**Work task:** An exact restatement of the data is required, with the images omitted.

**Dataset:**
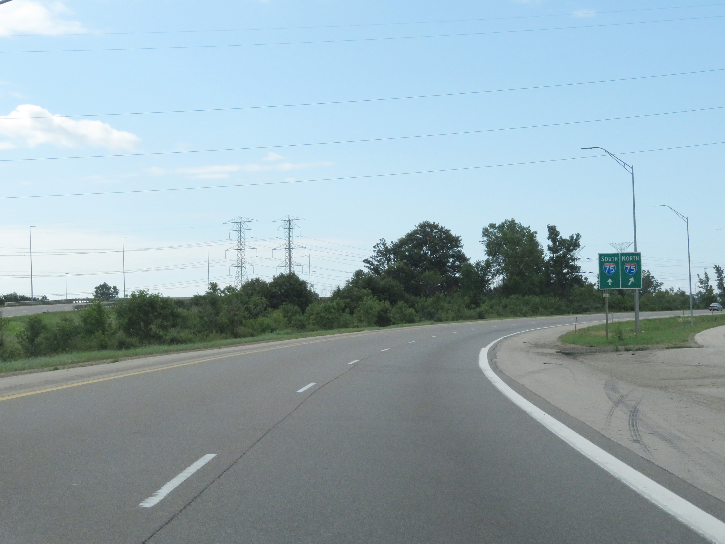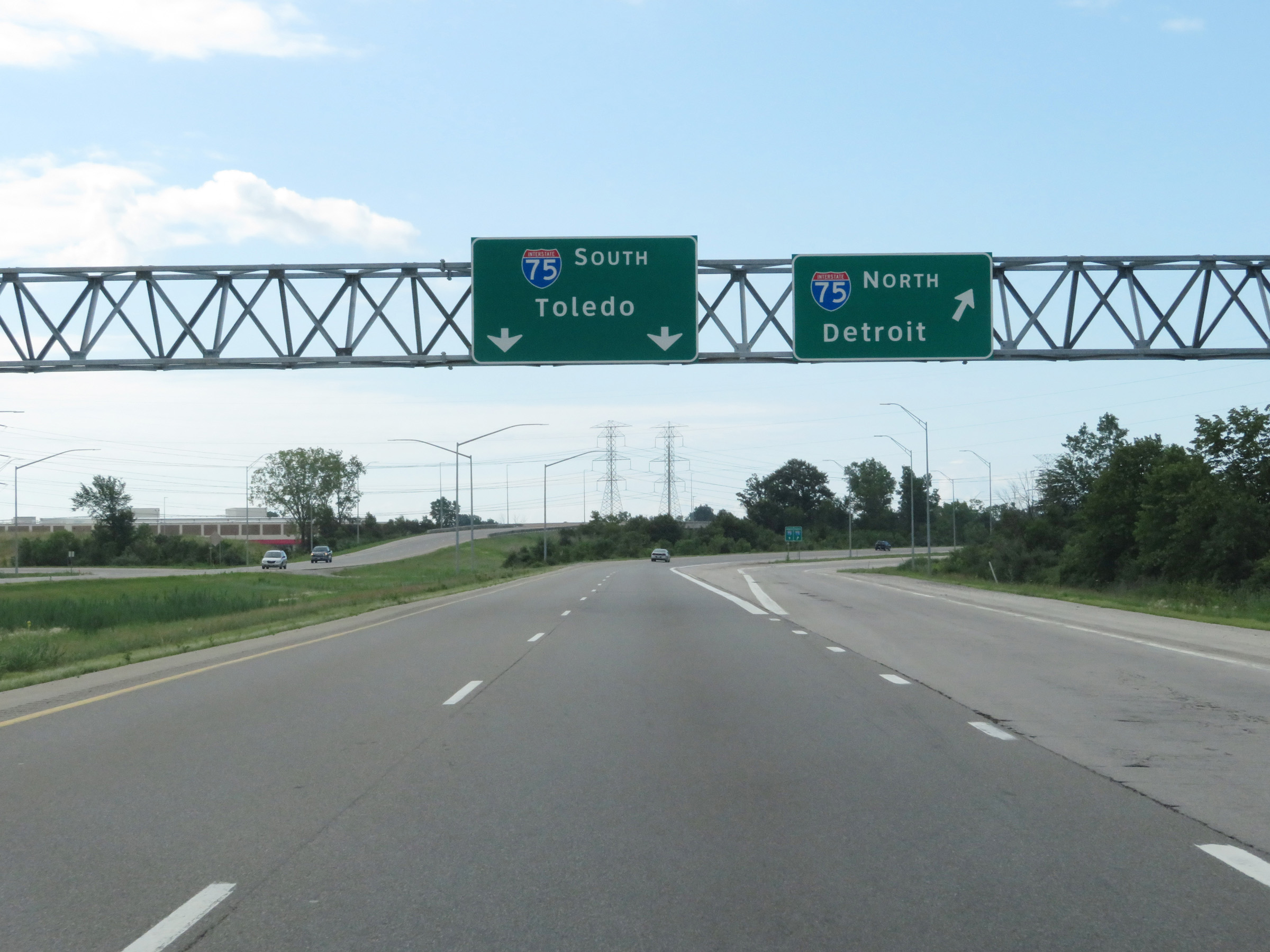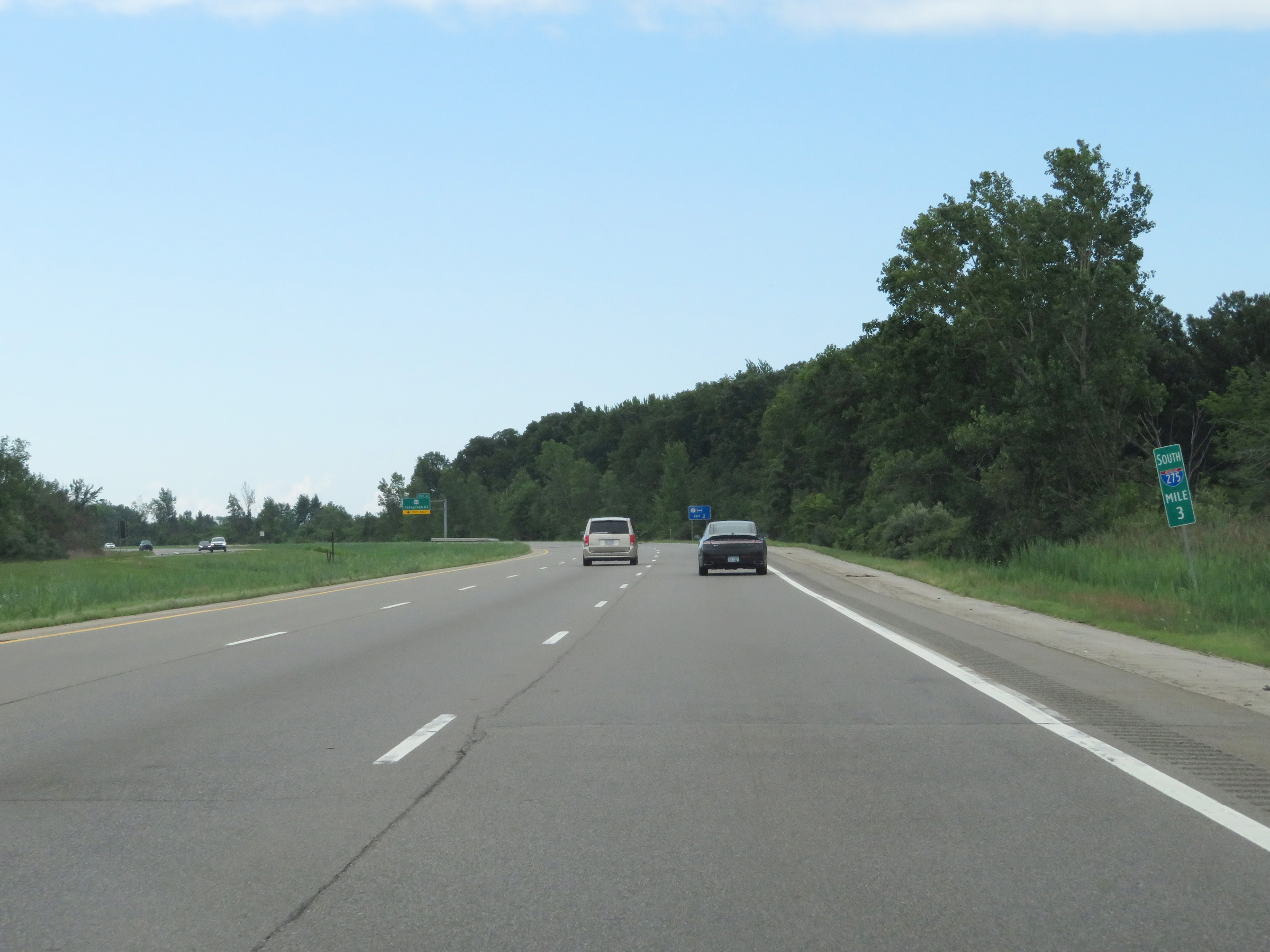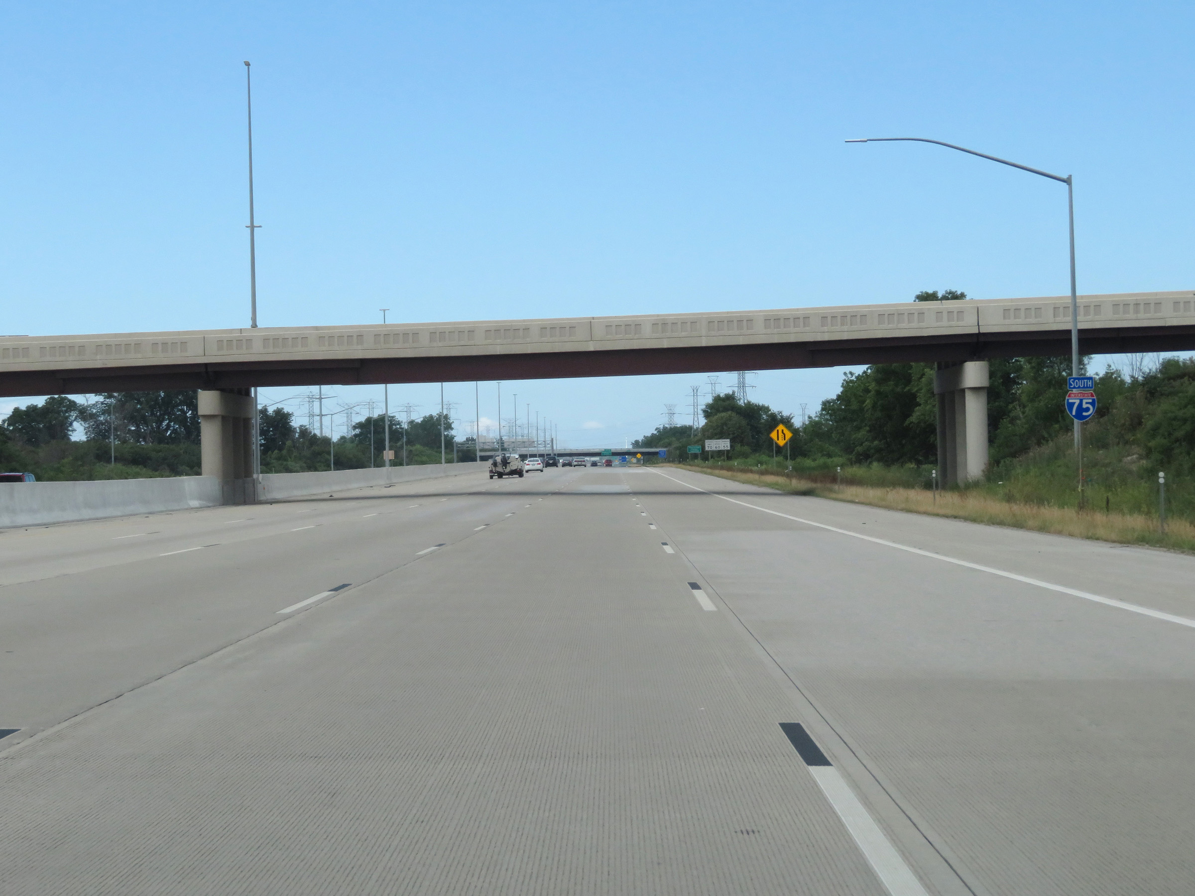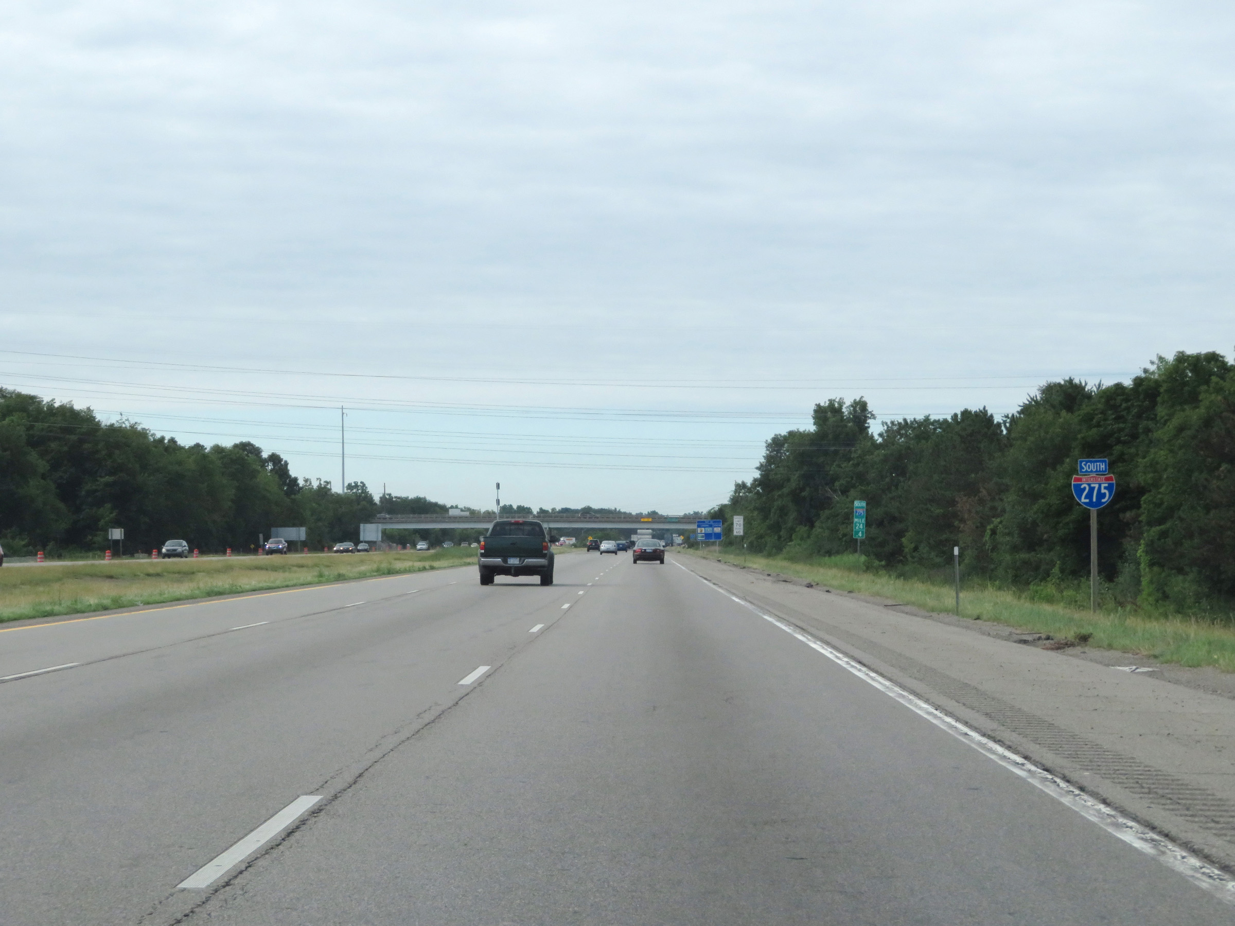 Interstate 275 South at the junction of Interstate 75, which marks the southern terminus of I-275. Traffic to I-75 North toward Detroit will exit off to the right here, while traffic to I-75 South toward Toledo can stay straight. (Photo taken 7/15/17). |
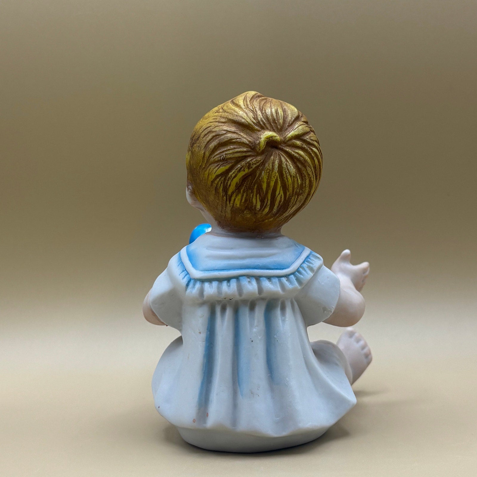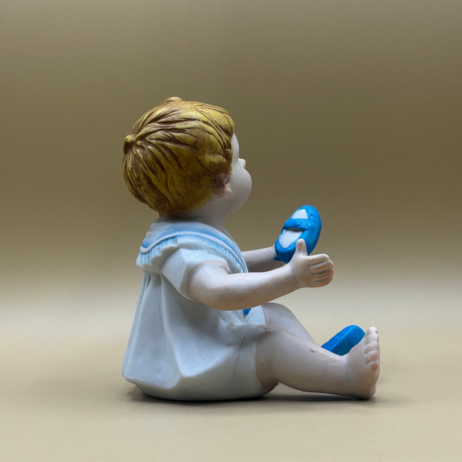 Sweet vintage baby figurine in white romper putting on bright blue shoes. Hand-painted details including rosy cheeks and golden blonde hair. Sitting pose with one arm reaching out quizzically.
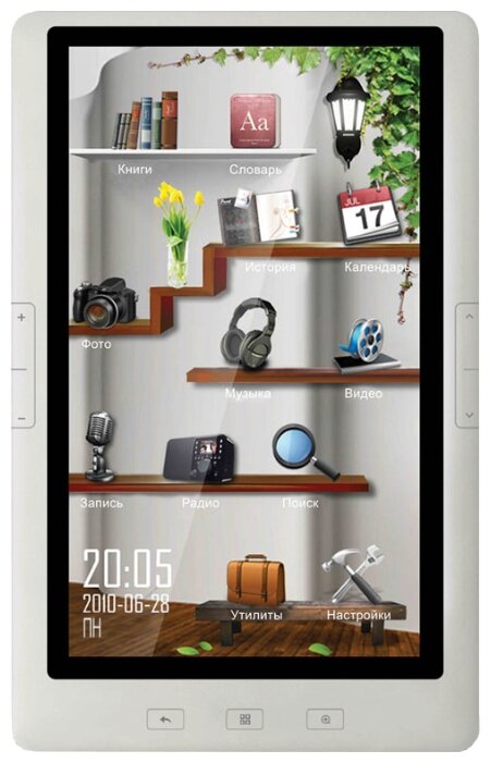 Dictionary; support for WMA, FLAC, WAV, OGG, APE, WMV, RM, AVI, RMVB, 3GP, FLV, MP4, DAT, VOB, MPG, MPEG, MKV, MOV; USB interface: yes; Charging from the network: yes; Support for formats: MOBI, HTML, XML, LCR; Processor frequency: 400 MHz
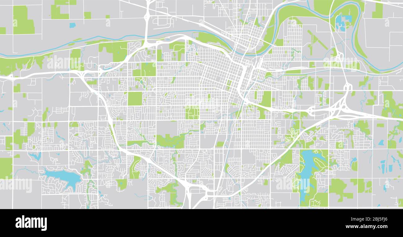Urban vector city map of Topeka, USA. Kansas state capital Stock
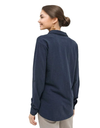Women's Paige Jersey Long Sleeve Polo Shirt In Navy Plain

**Result of the exercise:**
 Interstate 275 South at the junction of Interstate 75, which marks the southern terminus of I-275. Traffic to I-75 North toward Detroit will exit off to the right here, while traffic to I-75 South toward Toledo can stay straight. (Photo taken 7/15/17). |
 Sweet vintage baby figurine in white romper putting on bright blue shoes. Hand-painted details including rosy cheeks and golden blonde hair. Sitting pose with one arm reaching out quizzically.
 Dictionary; support for WMA, FLAC, WAV, OGG, APE, WMV, RM, AVI, RMVB, 3GP, FLV, MP4, DAT, VOB, MPG, MPEG, MKV, MOV; USB interface: yes; Charging from the network: yes; Support for formats: MOBI, HTML, XML, LCR; Processor frequency: 400 MHz
Urban vector city map of Topeka, USA. Kansas state capital Stock
Women's Paige Jersey Long Sleeve Polo Shirt In Navy Plain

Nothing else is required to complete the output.